– Как Стаханов?
Хотел сказать: ты что, дурак? Но кивнул.
Ганса не поймешь: то несет про Локотьскую республику или, как ее, волость, чуть ли не восхваляет предателей. То приходит в восторг от идиотских советских лозунгов. «И что у него в голове?»
Вдруг будто в его собственной голове прояснилось: «Там, в закрытой кабинке, все-таки был кто-то чужой. Я-то не заметил, а Лаврентий Ерусланович знал. Значит, – он сделал вывод, – сам меня найдет».
– Учти, мне во вторник уезжать.
Ганс ступил на поребрик: шел на цыпочках, растопырив руки, – ни дать ни взять канатоходец под куполом цирка, да еще и без страховки.
– Але-оп! – спрыгнул и раскланялся дурашливо. «Клоун».
– По поребрику и дурак может. Ты вон, – мотнул головой, – там пройдись, – еще и подначил, – у нас девчонки, и те не трусят.
Почему-то был уверен, побоится. Девчонки девчонками, а рискованно. Но не успел и глазом моргнуть: Ганс перебежал дорогу, одним прыжком взлетел на высокую гранитную облицовку.

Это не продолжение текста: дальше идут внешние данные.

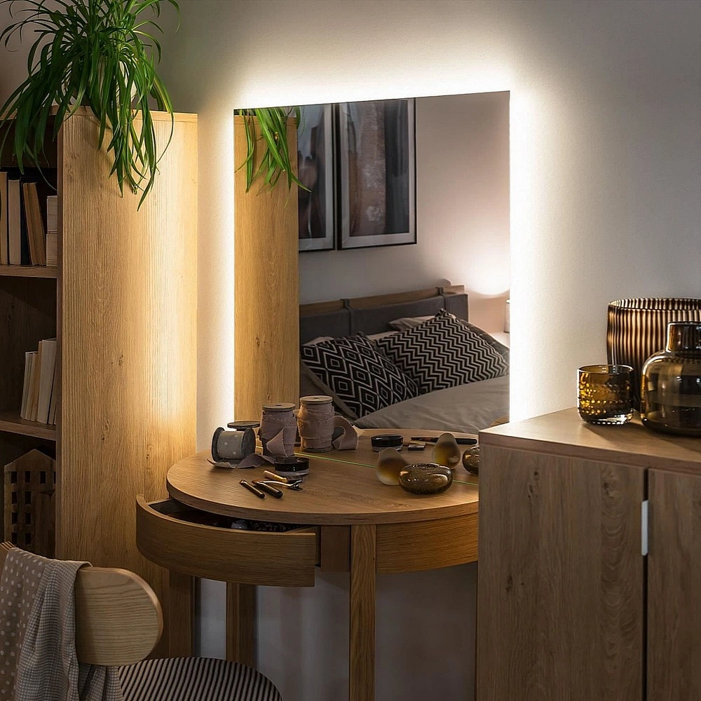 The mirror has a discreet light source, the source of which is hidden behind the edge of the mirror surface. The switch has the ability to adjust the light intensity (it is adjusted by holding the button longer or shorter). The lighting makes it easier to do evening make-up and also introduces atmospheric light to the bedroom. The minimalist light switch is located on the front of the mirror (in the lower right corner).

Загородившись ладонью, хотя никакого солнца не было, он следил за тощей долговязой фигурой – беззащитной на фоне медленно-серых волн. Ганс покачнулся, но удержал равновесие. Добрался до поворота к спуску. И наконец спрыгнул. От сердца отлегло.
Перебежав обратно, Ганс ткнул пальцем в кромку тротуара.
– Как ты это назвал?
– Поребрик.
– У нас грят: бордюр.
– А у нас – поребрик, – он повторил упрямо.
– Жесть, да? Поребрик – и капец. Считай, спалился.
– Где? – он не понял, но отчего-то испугался.
– Не где, а как. Типа, советский шпиён. Видимо, он изменился в лице, потому что Ганс хихикнул:
– На крайняк обменяют. На нашего, – похлопал по плечу. – А чо, из тебя бы получился. Такой, как это по-вашему… неприметный.
– Ты-то меня приметил, – он уже успел прийти в себя.
– Ага, – Ганс подтвердил. – Заинтересовался. Как историк.
– Что-что?
– Дак я же сразу просек: типичный представитель советского народа.
– Болтаешь… язык без костей! – он не нашел ничего лучшего, чем можно ответить. Но Ганс пришел в полный восторг:
– Яу! Без костей! – высунул язык, почти дотянувшись до кончика носа. – А так слабо?
– Я что – собака? – вышло грубо. На месте Ганса точно бы обиделся. Но захребетники друг с другом не церемонятся, привыкли по-хамски. – Заметил, колбасу одну ели, без хлеба? – на всякий случай не сказал кто. А вдруг не заметил?
– Дак свобода, – Ганс пожал плечами. – Как хотят, так и жрут.
Он вспомнил членов советской делегации: «Раньше бы не посмели. А теперь…» – уже третий по счету камушек – в копилку грядущих перемен.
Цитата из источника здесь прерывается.